В конце 1942 года отец был начальником скандинавского отделения внешней разведки НКГБ. Дневники Коллонтай поступили в его отделение со срочным поручением Берии: прочитать содержимое от первой до последней строчки и письменно доложить о прочитанном. Благожелательная записка начальника скандинавского отделения о дневниках и других документах, содержащихся в чемоданчике Александры Михайловны, попала сначала на стол начальника разведки Фитина, затем Берии и, наконец, Сталина. По слухам, особое удовольствие генсека вызвали отрицательные пассажи Коллонтай о Крупской, которая покровительствовала Инессе Арманд в ее близких отношениях с Ильичом и была в то же время весьма недоброжелательна к Александре.
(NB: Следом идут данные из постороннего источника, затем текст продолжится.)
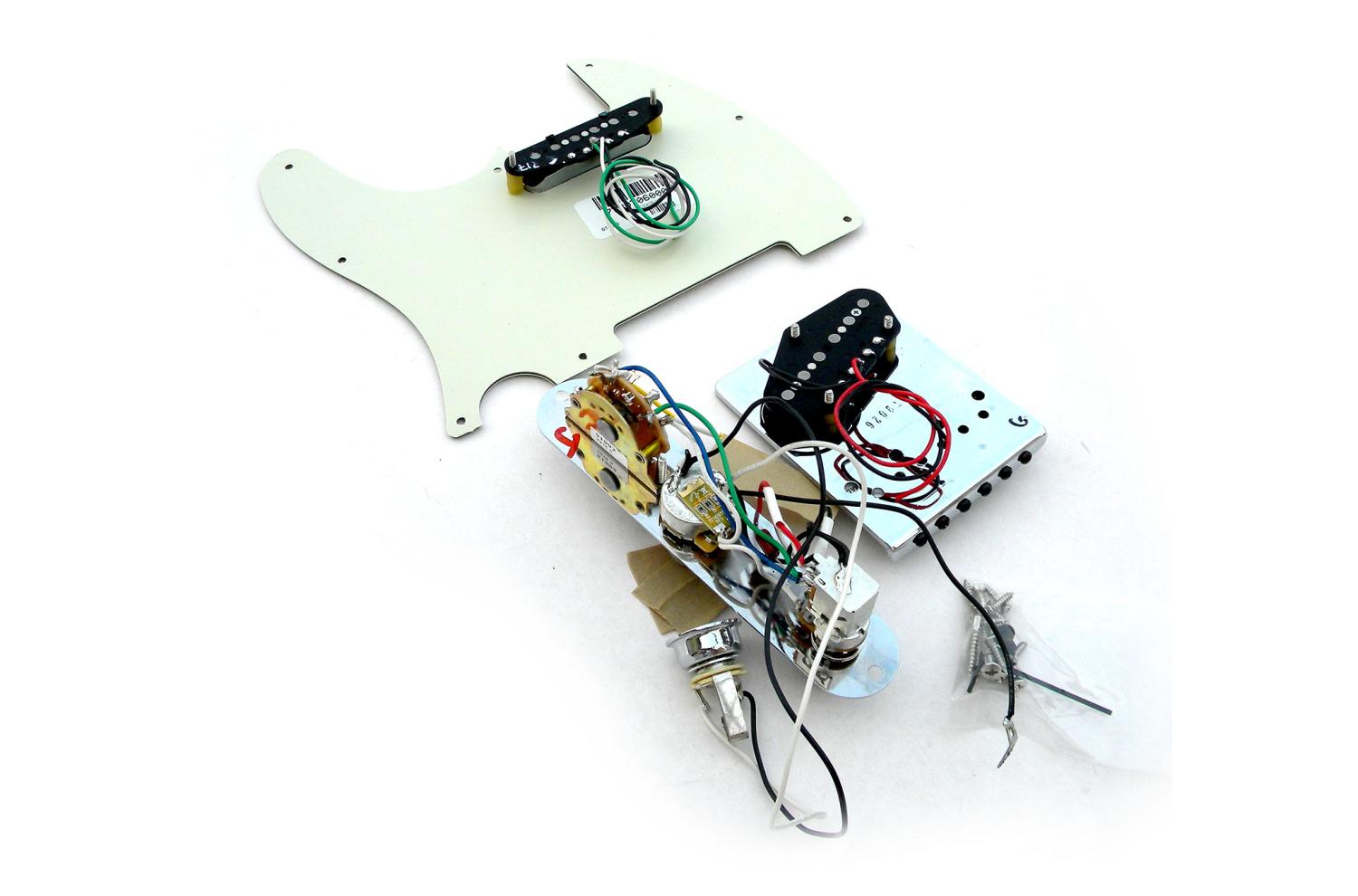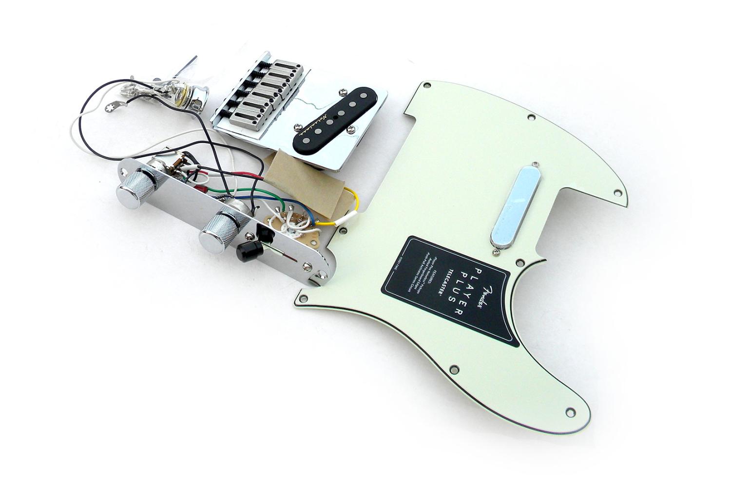 Loaded Pickguard Telecaster Player Plus Noiseless completo con un juego de pastillas Player Plus Noiseless™ específicas, estas pastillas están a medio camino entre "hot noiseless" y " vintage noiseless" , golpeador ensamblado entregado con todo el hardware, golpeador mint green de 8 orificios, controlador cromado con 3 seleccionador de posiciones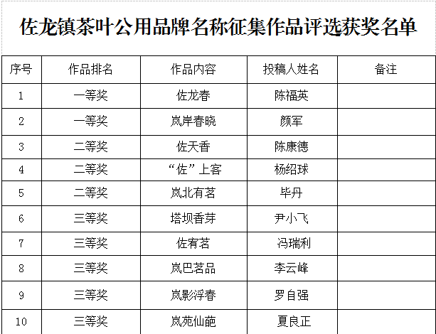 嵐皋縣佐龍鎮(zhèn)黨委、鎮(zhèn)政府在安康日報、安康新聞網(wǎng)發(fā)布《佐龍鎮(zhèn)有獎?wù)骷枞~公用品牌名稱及廣告語公告》以來,得到社會各界人士的積極響應(yīng)和支持。本次收集到的所有作品,佐龍鎮(zhèn)安排專人逐一按時間順序統(tǒng)一排序備選,經(jīng)組委初選、專家評選,已評選出獲獎作品擬予以獎勵,現(xiàn)將擬獲獎名單進(jìn)行公示,其中一等獎2名,二等獎3名,三等獎5名,優(yōu)秀獎66名,公示時間自發(fā)布之日起至2021年12月31日17時。擬獲獎名單如下: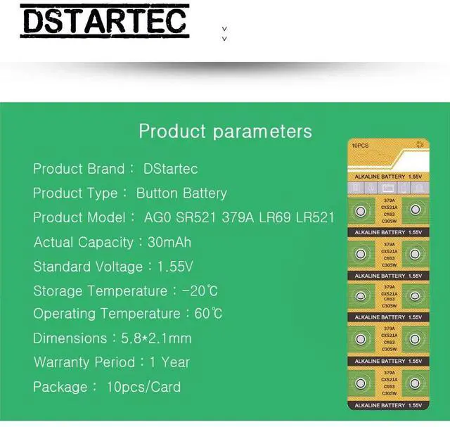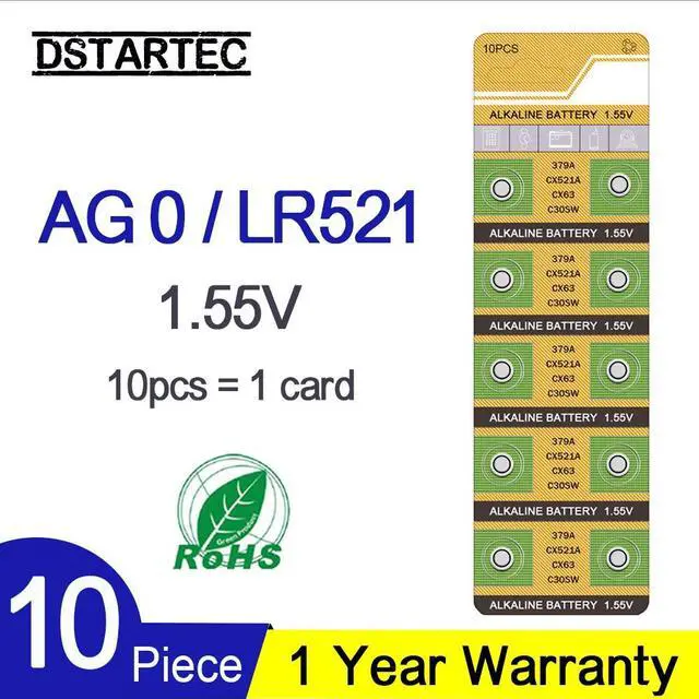 • 10PCS Button Battery 1.55V AG0 SR63 LR69 LR521 379A SR521SW GP379 D379 V379 V520 AG 0 Alkaline Button Cell Coin Batteries

Спустя несколько недель после прибытия в Стокгольм, когда Александра Михайловна начала заметно привечать советника Елисеева, он доверительно рассказал Коллонтай об этой истории с дневниками. Он не знал, что «мудрая Коллонтайша», как ее называли за глаза в коллективе полпредства, переиграла их всех, начиная от Сталина и кончая резидентами и стукачами. Я сделал такой вывод потому, что реакция Александры Михайловны на доверительное сообщение советника Елисеева была весьма трогательной.
— Она, волнуясь, протянула мне свою морщинистую руку, — вспоминал отец, — и сказала: «Спасибо за рассказ об архиве и за то, как вы доложили о нем Берии. Теперь я наконец буду спокойна! А то чего я только и не думала…»
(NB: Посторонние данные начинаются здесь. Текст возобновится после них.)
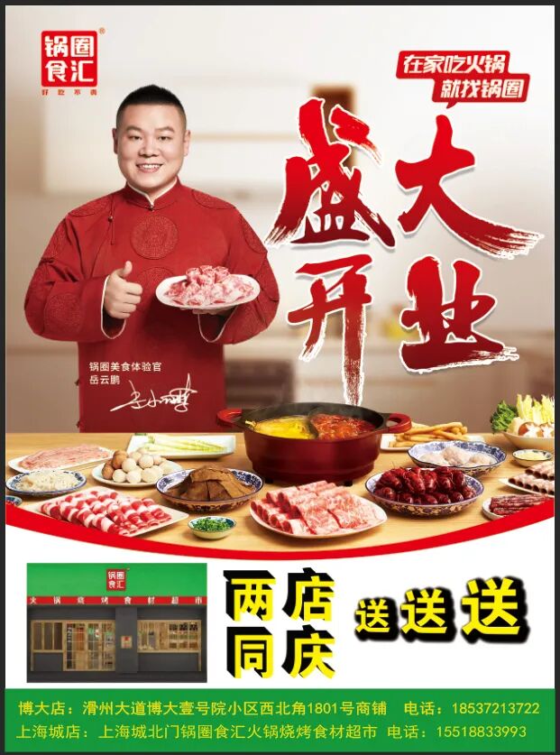人氣爆棚 門庭若市 全國連鎖有5000+門店 是火鍋燒烤食材行業的領軍品牌 進軍滑縣市場以來 一直以”好吃不貴”的產品吸引了無數的粉絲 【鍋圈食匯·火鍋采購一站式】 新店開業 福利杠杠的! 01 進店消費送好禮活動 活動期間進店消費 滿98元送小電火鍋一個(20cm) 滿158元送大電火鍋一個(26cm) 滿168元送價值68元不銹鋼鴛鴦鍋一個 滿188元+88元送價值158元多功能電烤盤一個 02 免費注冊會員領取食鹽 03 參與留言有機會領取禮品 參加文末留言活動 前10名點贊精選進店領取 黃桃罐頭一份(僅限開業期間) 04 進店加好友轉·發免費領火鍋底料 到店加好友轉·發門店朋友圈 連續3天(早晚各一次) 開業期間進店免費領取 價值10元火鍋底料一份 05 活動期間每天免費領66份雞蛋 活動開業期間 每天早上9:30分免費領雞蛋 每天66份,每份6個 先到先得;送完為止 活動時間:11月20日--22日 地址一 博大店:滑州大道博大壹號院小區西北角1801號商鋪 地址二 上海城店:上海城小區北門27#樓2#商鋪 電話:15518833993 無論是純正的重慶牛油底料 鍋圈食匯統統都有! 在鍋圈食匯都能找到你中意的那款味道 這里擁有400+種火鍋+燒烤食材 光有肉哪兒能行 毛肚、黃喉火鍋必備也得安排上 獨立包裝 安全放心又衛生 鍋圈食匯家的毛肚涮后 鮮嫩脆彈、口感緊實 這就是鍋圈食匯的品質 蟹籽包、魚豆腐、蟹肉棒、甜不辣... 你喜歡吃的海鮮丸類全都有 你需要的它都有! 低溫保鮮狀態下也保持原汁原味 除了懶人燒烤還有懶人火鍋 聽說你家里沒有鍋? 沒關系,這里有各種大小鍋任你挑選 單人鍋、鴛鴦鍋、燒烤爐…… 關鍵是可以租! 別忘了活動時間 電話:18537213722 地址:滑州大道博大一號院西北角 ▲點擊上方卡片即可導航至博大店 電話:15518833993 地址:上海城小區北門27#樓2#商鋪 ▲點擊上方卡片即可導航至上海城店

…Первые месяцы пребывания в Стокгольме мы жили в одном из пригородов столицы — Росунде. Из-за войны и недостатка бензина основу городского транспорта на короткие расстояния составляли велосипеды, автобусы с газогенераторными установками и трамвай. Даже дипломатическим миссиям выделялись лишь небольшие лимиты на бензин, а высокопоставленные чиновники и богачи разъезжали на легковых автомобилях, у которых перед радиаторной решеткой висел объемный бак газогенератора или такое устройство большей мощности было прицеплено на колесиках сзади, вроде полевой кухни. Водителям часто приходилось кормить газогенераторы березовыми чурочками, и в воздухе города днем стоял кисловатый дымок деревенских печек.
Велосипед именно тогда стал самым массовым национальным транспортным средством скандинавов. Я сам видел настоящего и живого короля Швеции Густава V, сухощавого и высокого старика, едущего на велосипеде по мосту возле своего дворца. Много раз доводилось видеть и премьера страны Ханссона, и ее министра иностранных дел Гюнтера, передвигавшихся по центру города на двухколесных машинах.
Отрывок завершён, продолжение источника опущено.